Sometimes there is an idea that seems to solve a problem for a business but learns later that the cause of the problem cannot be solved by that business.
Go Dish had an interesting idea based on an identifiable problem for restaurants: there are times when the dining room is empty and they would like customers. Go Dish offers same day deals to drive customers to the restaurants when the restaurants need them.
“Unlike traditional restaurant deal services, Go Dish gives restaurants complete control over the discounts they make available throughout the day and week. Restaurants incur costs at all hours, whether they’re serving customers or not. We help them fill the restaurant with more customers, when they want them.” [emphasis added]
Makes sense, right. There are lots and lots of e-commerce coupon apps out there, so businesses and consumers must want them. Go Dish seems to fill a need. What could go wrong?
What if you identified the problem, but misdiagnosed the cause?
Go Dish released a goodbye letter and invitation to various whatevers announcing that they are closing shop. In the letter, they again recap why they thought they had a winner:
“We embarked on this adventure because we saw a win-win opportunity to send more business to restaurants at their quieter times while helping you guys save a few bucks on lunch here and there.”

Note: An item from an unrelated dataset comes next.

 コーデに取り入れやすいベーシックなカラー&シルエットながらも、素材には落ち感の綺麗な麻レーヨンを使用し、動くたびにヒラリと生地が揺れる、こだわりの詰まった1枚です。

It seemed to make sense at the time:
“We’ve sent our restaurant partners over 30,000 customers and received a tremendous amount of positive feedback from restaurants and customers alike … “
But the problem with “quieter times” was not about pricing and incentives for customers. It turns out people stay away from restaurants during “quieter times” because they have more important things to do based on obligations to others that cannot be overcome with 50% off of tacquito appetizers.

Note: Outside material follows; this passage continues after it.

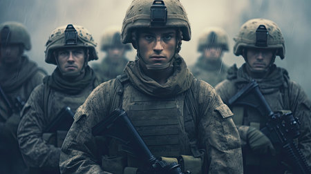 Brave army soldiers in camouflage uniform fighting for their country generated by artificial intelligence
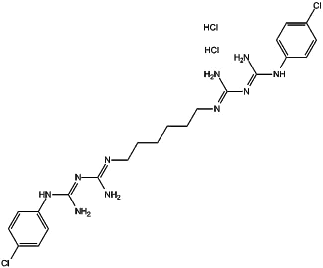 Chlorhexidine HCl (CAS 3697-42-5) is an antiseptic agent designed to interact with microbial cell membranes thereby increasing membrane permeability and disrupting membrane integrity Chlorhexidine HCl exerts its biological activity primarily through binding to negatively charged surfaces of bacterial membranes resulting in leakage of cellular contents and consequent microbial cell death In microbiological assays chlorhexidine HCl demonstrates broad-spectrum antimicrobial activity with reported IC50 values against various microbial strains generally in the micromolar concentration range though specific values depend on the target organism and experimental conditions Based on these pharmacological properties chlorhexidine HCl holds research potential in antimicrobial susceptibility testing and as a control compound in comparative studies of novel antimicrobial agents

” … but it turns out it ain’t easy for most people to eat at off-peak hours. And everything that gets in the way of sneaking out of the office for an early or late lunch proved too high of a barrier to overcome for the Go Dish model to be sustainable long-term.”
Startup failure and success are not just issues of execution, “solving problems,” and “making the world a better place.”
In Go Dish’s case, a seemingly good idea for a seemingly logical problem missed the mark because the cause of the problem was both different and deeper than expected. As a result, their solution did not address the actual problem. I hope all of the other similar coupon companies out there take note.